Commit EnvelopesCausal Ordering

Causal Ordering

By default, commit envelope events may be processed by participants in any order. For high-throughput streams where out-of-order processing could cause consistency issues, you can enable strict causal ordering.


What problem does this solve?

Consider a wallet that receives many small top-ups and transfers simultaneously. Without ordering, two TRANSFER_PREPARED events for the same wallet might stage in arbitrary order, leading to incorrect intermediate balance calculations.

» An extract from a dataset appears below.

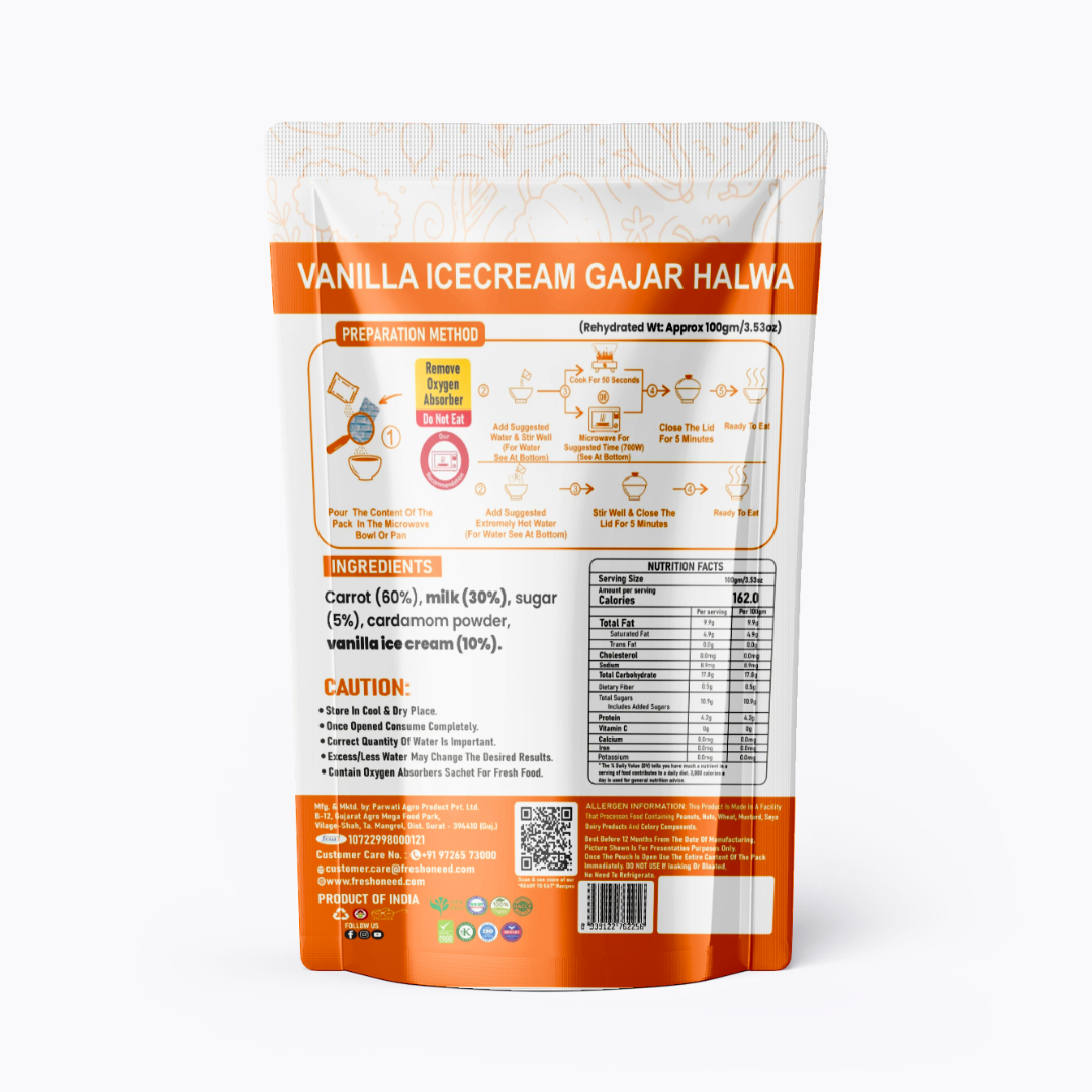 Freshoneed’s Vanilla Gajar Halwa is a delicious take on the iconic carrot dessert, made richer with real milk and a touch of vanilla ice cream that melts into the halwa, enhancing its flavor and texture. Whether it's a festive moment or a sweet craving, this halwa is a spoonful of indulgence in every bite.

With causal_ordering: { mode: strict }, the runtime assigns monotonically increasing sequence numbers to participant events and ensures each participant processes them in order.


Configuration

commit_envelopes:
  wallet_transfer:
    # ... other fields ...
    causal_ordering:
      mode: strict
      cursor_field: cursor
      seq_source: envelope
FieldRequiredDescription
modeyesstrict — enforce monotonic sequence ordering
cursor_fieldyesThe field name in participant event payloads that carries the sequence number
seq_sourceyesenvelope — the envelope assigns sequence numbers to each participant’s events

How it works

When causal_ordering is enabled:

  1. The envelope assigns a cursor value (sequence number) to each participant event at prepare time
  2. Participants process events in cursor order — lower cursor values first
  3. If an event arrives out of order, the runtime holds it until its predecessors are processed
  4. Out-of-order events are retried automatically once predecessors complete

The cursor_field value appears in the event payload so participant rules and projections can reference it:

derive:
  cursor:     event.cursor          # sequence number for this participant event
  applied_at: event.ts

When to use strict ordering

SituationUse ordering?
Low-volume transfers (< 100/s per entity)Optional
High-volume wallet top-ups / debitsYes
Multiple envelopes targeting the same entity simultaneouslyYes
One-time operations (e.g., account creation)No

Strict ordering adds latency because the runtime must hold out-of-order events. For most applications with modest throughput, you can omit causal_ordering entirely.